The Compleat Dancing Master, while equally energetic and similar in mood, is a bit harder to warm to, as it replaces the flawlessly-sequenced and cohesive feel of Morris On with a more fragmented and confused one. The lack of cohesion is, admittedly, built into the design: here Hutchings and Kirkpatrick compile all varieties of dance music from throughout English history, interspersing read passages (from Shakespeare, Hogarth, Dickens and the like) that comment (both positively and negatively) upon the social functions of dancing. The rock element, although sometimes present here (most often by Mattacks’s drumming and Fairport alum Simon Nicol’s electric guitar) is comparably muted, set aside in favor of an impressive, but perhaps overinflated array of woodwinds, strings, and various medieval instruments; only one track contains vocals, and even in that case only briefly. Set alongside the spontaneous energy of Morris On the album often feels a bit overworked and curatorial, and the sense of logic that might have been imparted by a chronological ordering of the music is rejected in favor of jarring jumps between styles.

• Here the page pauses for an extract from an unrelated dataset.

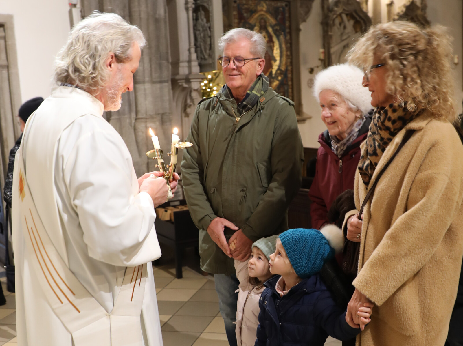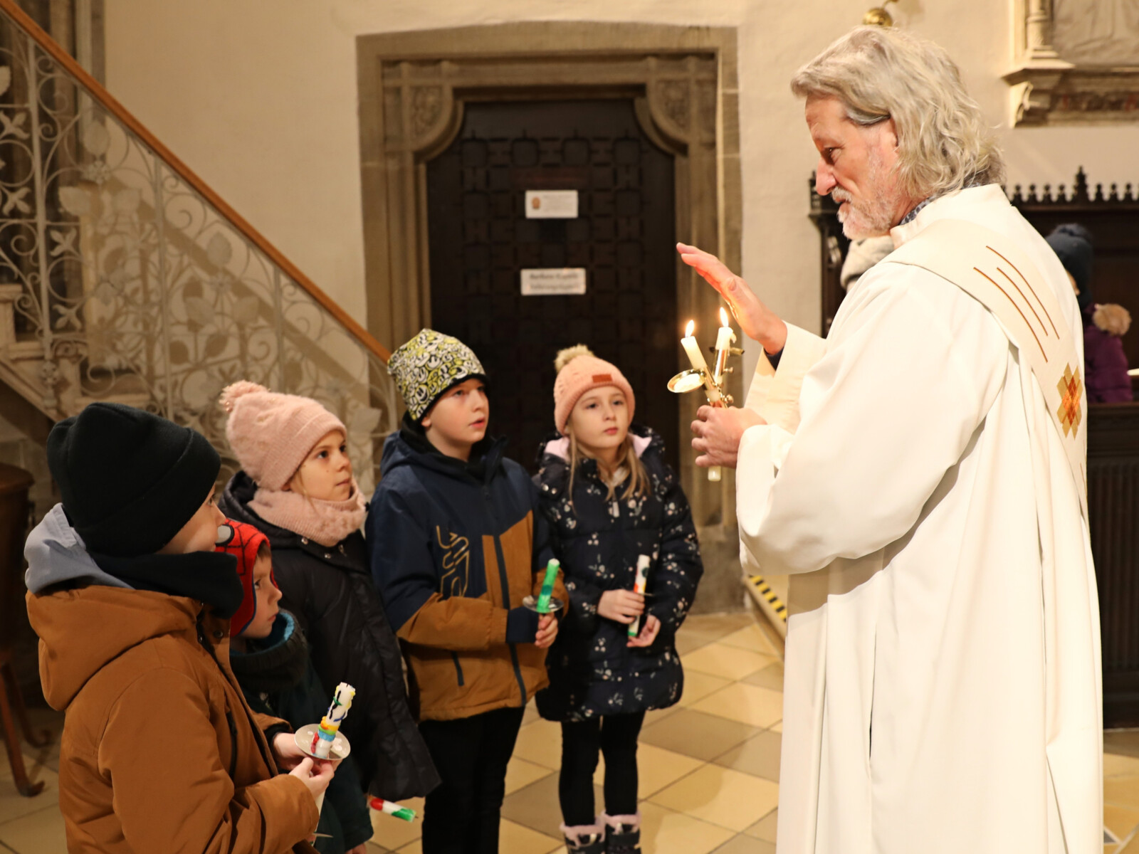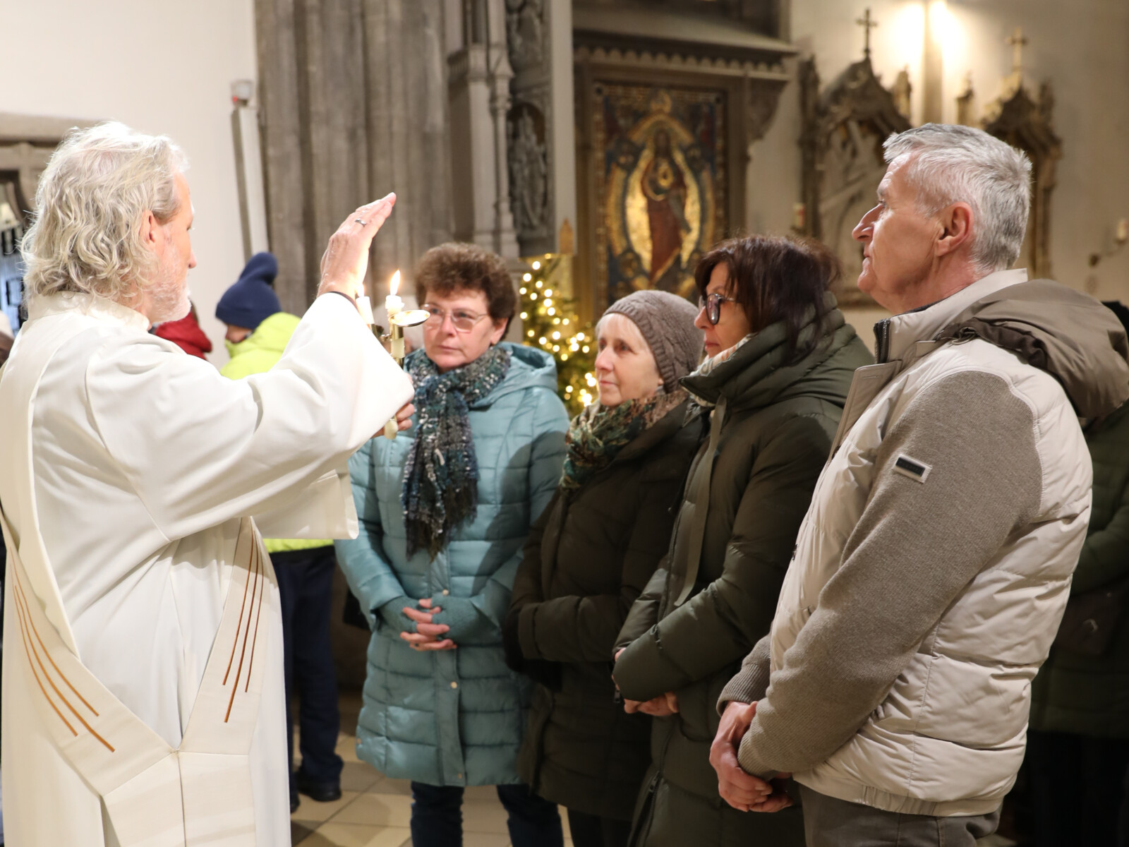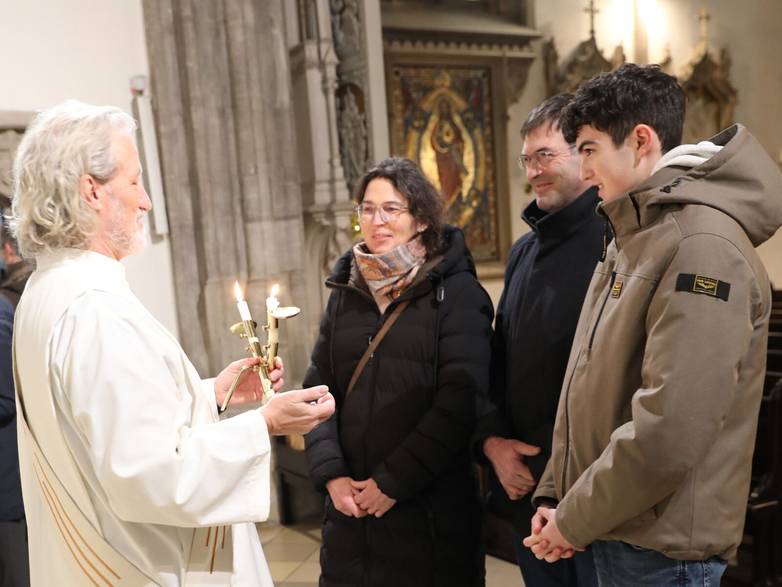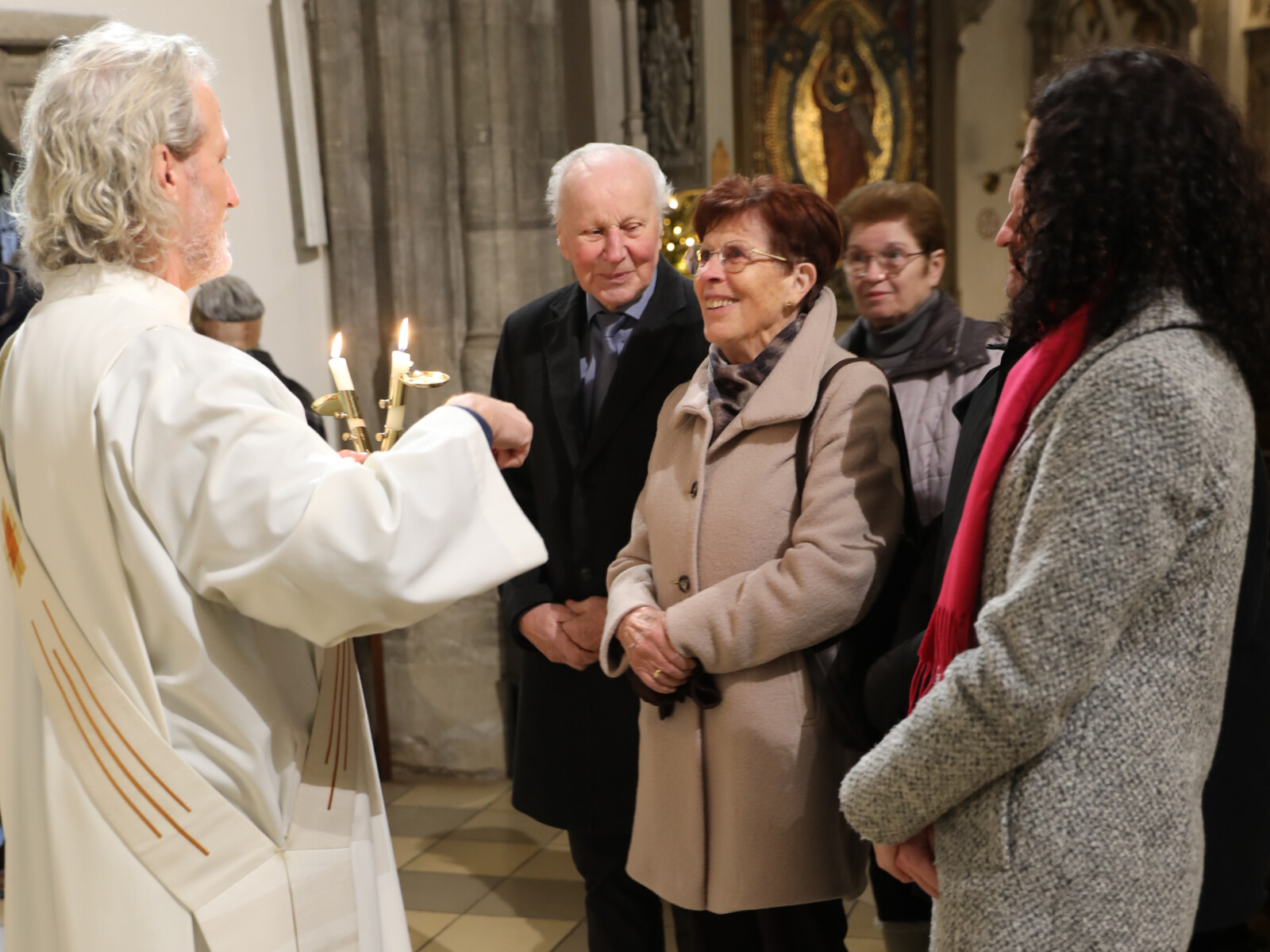 Im Anschluss an den Wortgottesdienst spendete Diakon Christian Muigg den zahlreichen Gottesdienstbesuchern mit geweihten gekreuzten Kerzen den Blasiussegen.

The tendency towards academicism, which is admittedly slight enough to keep the album enjoyable, might have been justified by a more didactically-minded approach, but this too is absent: the liner notes, unfortunately, contain no information about the sources, or even time periods, from which each track is drawn.
While The Compleat Dancing Master is a decidedly more ambitious and conceptually-sophisticated album, it’s ultimately the more ragged Morris On that emerges as Hutchings’s greatest triumph: here the energy of a first-rate rock band is harnessed in the services of traditional dance music, no doubt played with the same enthusiasm that made it appealing to generations of Morris dancers. When he indulges his desires to create something that feels more like a historic document, Hutchings risks falling into a staleness that hardly befits the joyful material: The Compleat Dancing Master may work as a musical museum, but it’s far less likely to elicit dancing than its unabashedly modern predecessor.